EXCERPTED RECORDS =>
......

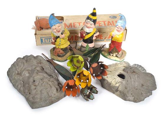 THREE GARDEN GNOMES; TWENTY THREE ORNAMENTAL METAL TULIP DRINK HOLDERS; AND OTHER GARDEN ORNAMENTS (A LOT)
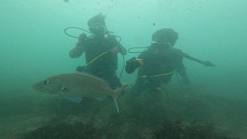身長、体重でウェイト量が大体決まるのでそこから肺のコントロール、バランス、BC操作など一緒に潜ってどのぐらいが良いか探っていきます。
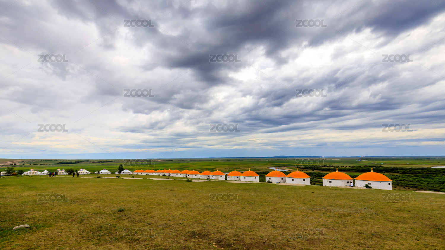 内蒙古呼伦贝尔草原上的蒙古包群落
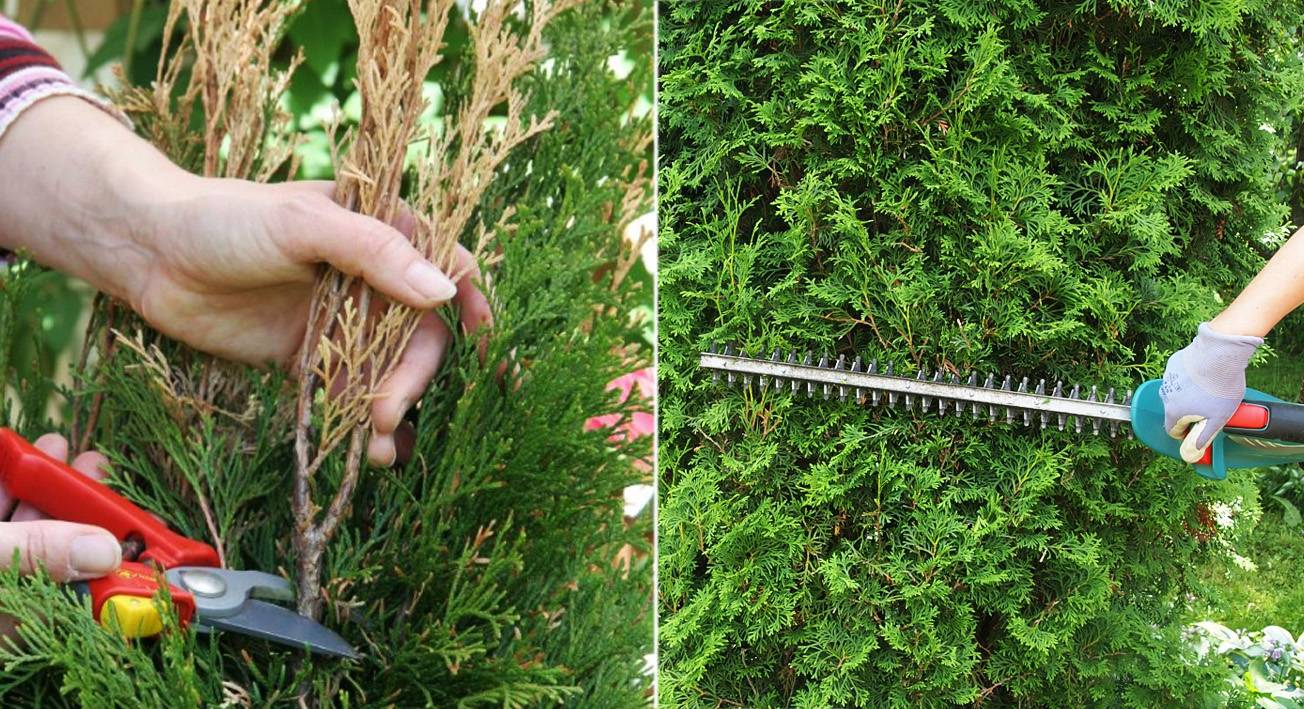 Чтобы крона туи выглядела эффектно, необходимо придавать ей форму. Стрижке подвергаются только те деревья, которые были посажены не менее 2 лет назад. Во время первой обрезки тую избавляют от сухих, повреждённых и больных ветвей, помимо этого определяют уровень загущения кроны. Поэтому первая обрезка выполняет больше санитарную функцию.
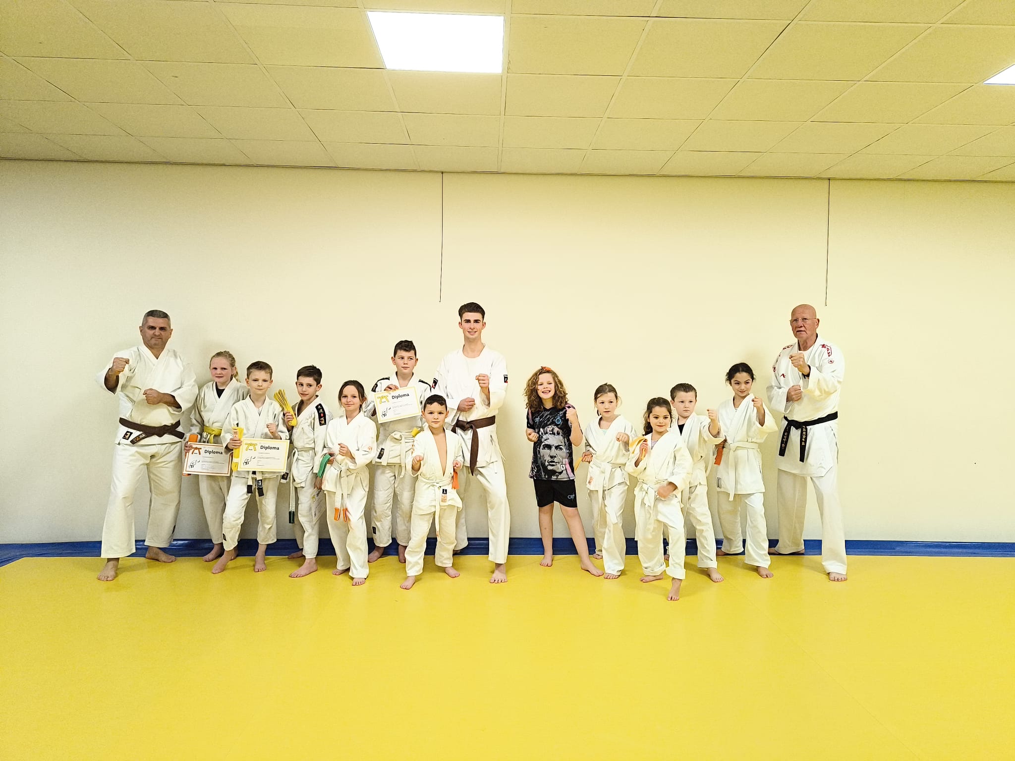 Op donderdagavond 20 november 2025 hebben we weer de voortgang geëxamineerd bij de jeugd. Onder grote belangstelling van (groot)ouders hebben de leerlingen allemaal hun best gedaan te laten zien wat ze nu al kunnen aan technieken en vormen. Iedereen heeft grote of kleinere stappen gedaan in de ontwikkeling en dat is mooi om te zien. De groep is de afgelopen maanden in aantal en kwaliteit beslist gegroeid. Dat heeft geresulteerd in de volgende uitslagen:
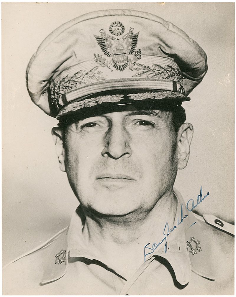 Vintage 7.5 x 9.5 head-and-shoulders photo, signed in fountain pen, “Douglas MacArthur.” Photo is affixed to an identical size board. Trimmed edges and a few light surface dings and creases, otherwise fine condition.
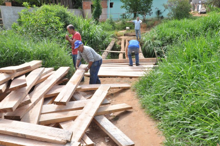 A Prefeitura de Guaçuí, por meio da Secretaria Municipal de Obras e Serviços Públicos (Semosp), na manhã desta terça-feira (24), realizou a reforma de uma ponte de pedestres localizada no bairro Alves Siqueira. A passagem pública apresentava problemas em seus pranchões e estava no cronograma da Semosp para ser recuperada, além de ter sido objeto de uma reunião de membros da comunidade com a prefeita Vera Costa que determinou sua realização com urgência.
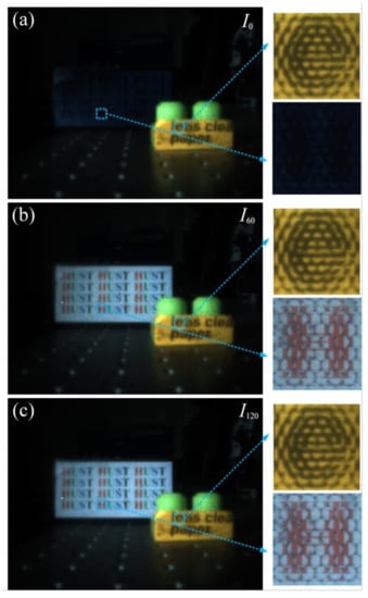 The raw light field images with three polarization states of I0 and I60 and I120 captured by the prototyped camera developed by us are respectively shown in Figure 9a–c. Both partial enlarged images of the model car and the LC display screen are demonstrated on the right in each subfigure. The pixel resolution of the enlarged part of two letters “e” and “H” are, 237 × 236 and 243 × 253, respectively. Each TNLC cell is turned to “on state” by applying a signal voltage of ~8 Vrms, and that of applied on the LCMLA is ~3.5 Vrms. The polarization direction of the linearly polarized light emitted by the LC display screen is 90°, and its components in both the 60° and 120° directions are almost the same; therefore, there is no obvious difference between Figure 9b,c. This can also be observed from Figure 9a, where the position of the LC display screen is almost black.
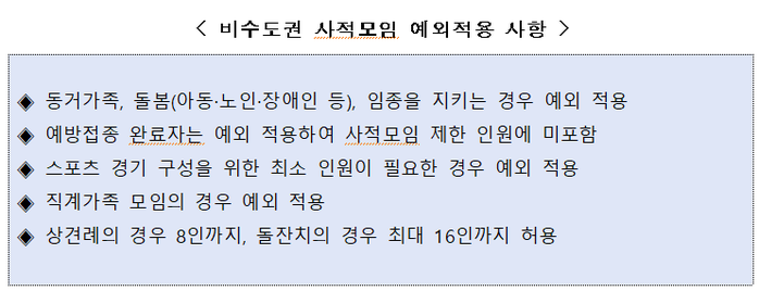 ▲ 비수도권 사적모임 예외적용 사항. [출처=중앙재난안전대책본부] |
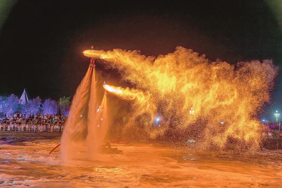 “五一”假期,鹽湖景區(qū)“水上飛人”為游客表演飛天火壺。閆鑫攝
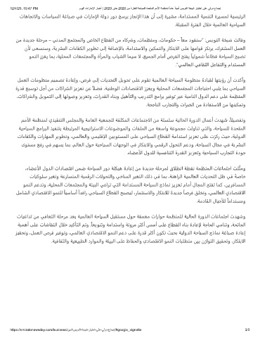 ،ءﺎﻀﻋألا لوﺪﻟا تادﺎﺼﺘﻗا ﻦﻤﺿ ﺔﺣﺎﻴﺴﻟا رود ﺔﻠﻜﻴﻫ ةدﺎﻋإ ﻦﻣ ةﺪﻳﺪﺟ ﺔﻠﺣﺮﻤﻟ قالﻄﻧا ﺔﻄﻘﻧ ﺔﻤﻈﻨﻤﻟا تﺎﻋﺎﻤﺘﺟا ﺖﻠّﺜﻣو
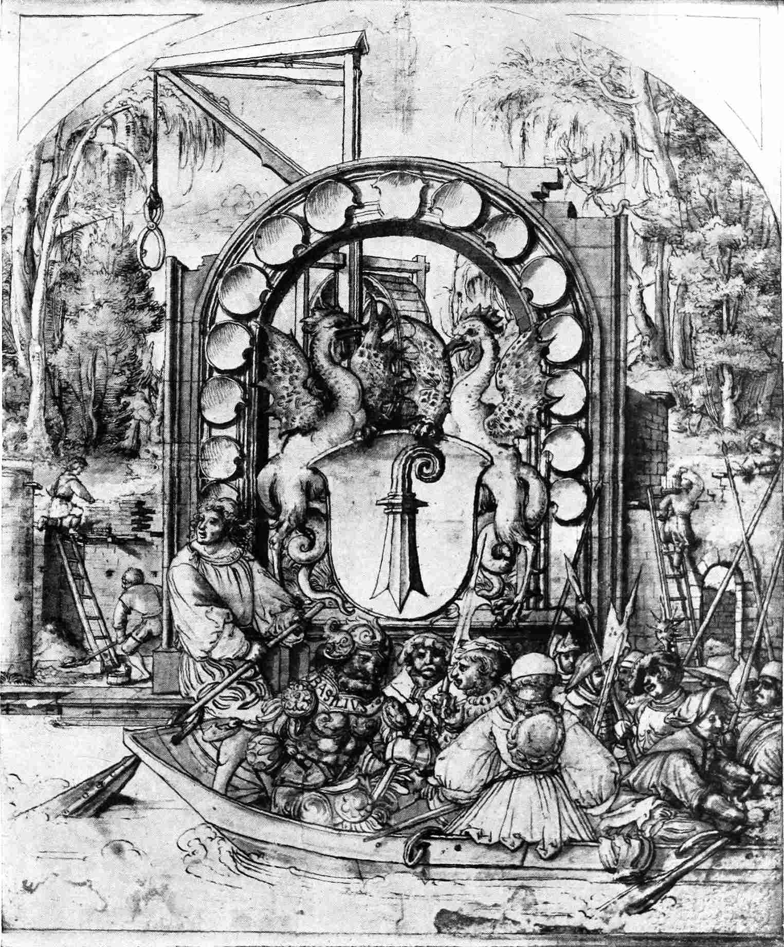 | Design for painted glass. By Ambrosius Holbein. | ||
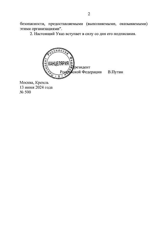 УКАЗ Президента РФ от 13.06.2024 N 500
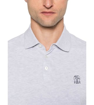 Elevate your style with the Brunello Cucinelli Light Grey polo t-shirt. Light grey cotton polo, classic polo collar, contrasting grey embroidered logo on the chest, short sleeves, ribbed trims, straight hem. Products purchased from Darveys are supported exclusively by the warranty/exchange policies of Darveys and its partner boutiques. Brand owners and their channel partners are not responsible for exchange/warranty services for items purchased through Darveys.
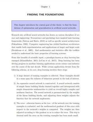 本文的目标是发展人工神经网络学习的优化和泛化理论基础。这篇论文涉及两个核心问题。给定训练数据和网络架构:1)哪种权重设置对未见数据的泛化效果最好,为什么?2)应该使用什么优化器来恢复这个权重设置?
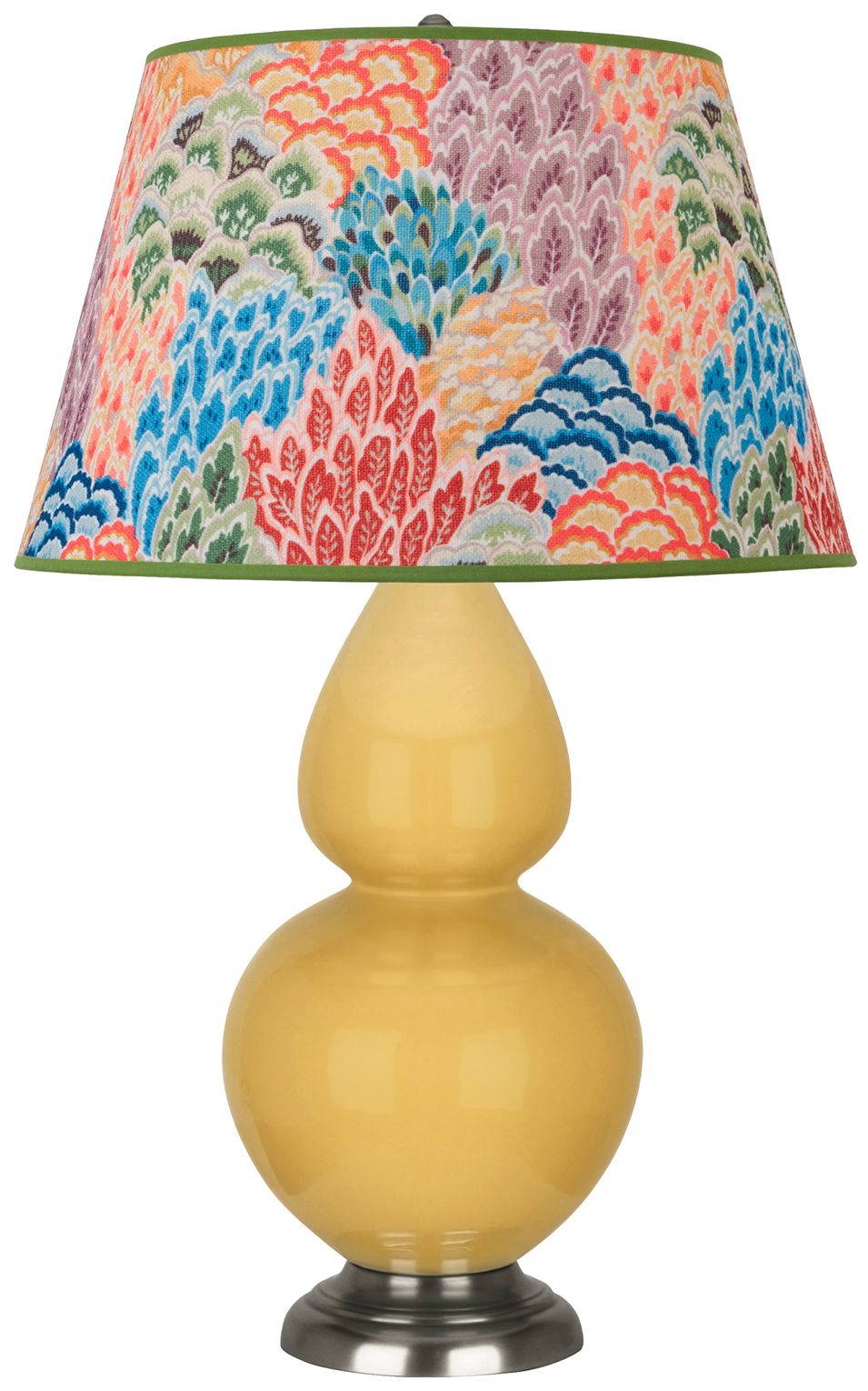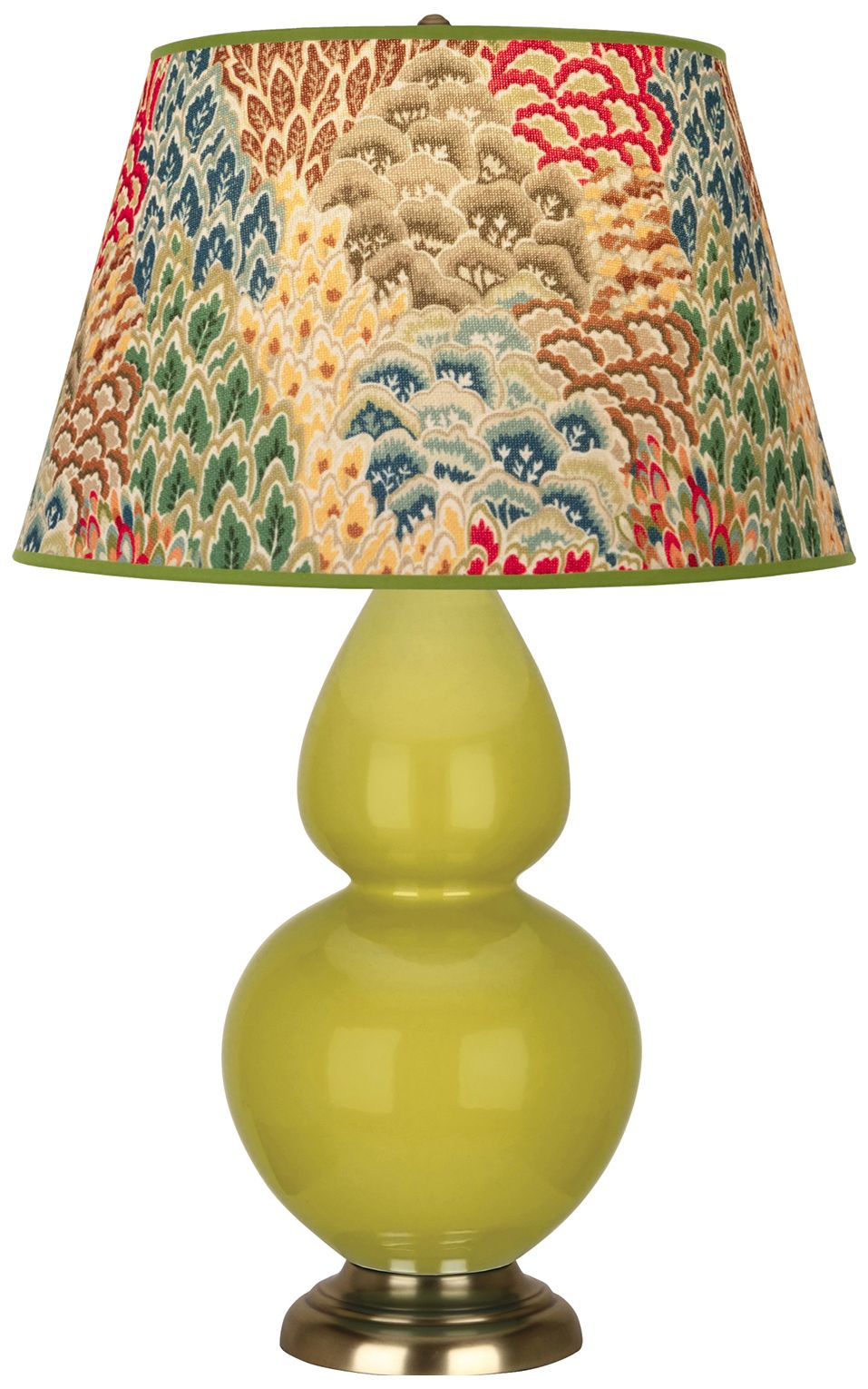 Double Gourd 31"H Citron And Brass Table Lamp w/ Fall Floral Shade
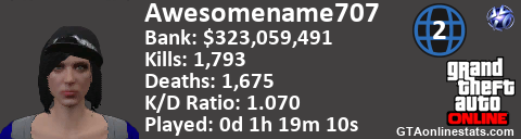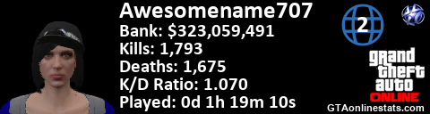 <a href="http://GTAonlinestats.com/showplayer/Awesomename707/2"><img src="http://GTAonlinestats.com/signature/Awesomename707/2/sig.png" alt="Awesomename707" border="0" /></a>
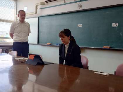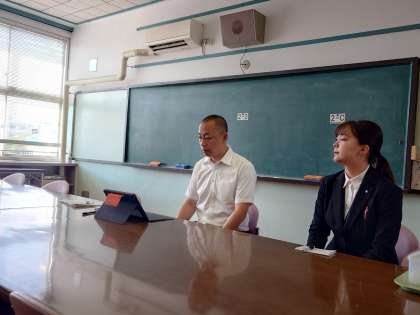 弦中生活1 9月9日(月) 公開日 2024/09/10 更新日 2024/09/10 できごと 今日から二週間、一年生に教育実習生が来ました。リモート朝礼でご挨拶をしてもらいました。 2週間よろしくお願いします。 いいね(0)
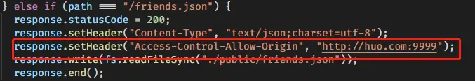 正常情况下,在qq.com:8888里运行js可以访问到json数据,访问huo.com:9999运行js不能访问,因为浏览器需要CORS

......

ABOUT THIS EXERCISE => Only the lines from the one containing "ﺔﻤﻈﻨﻤﻟا تﺎﻋﺎﻤﺘﺟا ﺖﻠّﺜﻣو" through the final line of the data are to be written out, exactly as they stand and without pictures.

OUTPUT BELOW =>
 ،ءﺎﻀﻋألا لوﺪﻟا تادﺎﺼﺘﻗا ﻦﻤﺿ ﺔﺣﺎﻴﺴﻟا رود ﺔﻠﻜﻴﻫ ةدﺎﻋإ ﻦﻣ ةﺪﻳﺪﺟ ﺔﻠﺣﺮﻤﻟ قالﻄﻧا ﺔﻄﻘﻧ ﺔﻤﻈﻨﻤﻟا تﺎﻋﺎﻤﺘﺟا ﺖﻠّﺜﻣو
 | Design for painted glass. By Ambrosius Holbein. | ||
 УКАЗ Президента РФ от 13.06.2024 N 500
 Elevate your style with the Brunello Cucinelli Light Grey polo t-shirt. Light grey cotton polo, classic polo collar, contrasting grey embroidered logo on the chest, short sleeves, ribbed trims, straight hem. Products purchased from Darveys are supported exclusively by the warranty/exchange policies of Darveys and its partner boutiques. Brand owners and their channel partners are not responsible for exchange/warranty services for items purchased through Darveys.
 本文的目标是发展人工神经网络学习的优化和泛化理论基础。这篇论文涉及两个核心问题。给定训练数据和网络架构:1)哪种权重设置对未见数据的泛化效果最好,为什么?2)应该使用什么优化器来恢复这个权重设置?
 Double Gourd 31"H Citron And Brass Table Lamp w/ Fall Floral Shade
 <a href="http://GTAonlinestats.com/showplayer/Awesomename707/2"><img src="http://GTAonlinestats.com/signature/Awesomename707/2/sig.png" alt="Awesomename707" border="0" /></a>
 弦中生活1 9月9日(月) 公開日 2024/09/10 更新日 2024/09/10 できごと 今日から二週間、一年生に教育実習生が来ました。リモート朝礼でご挨拶をしてもらいました。 2週間よろしくお願いします。 いいね(0)
 正常情况下,在qq.com:8888里运行js可以访问到json数据,访问huo.com:9999运行js不能访问,因为浏览器需要CORS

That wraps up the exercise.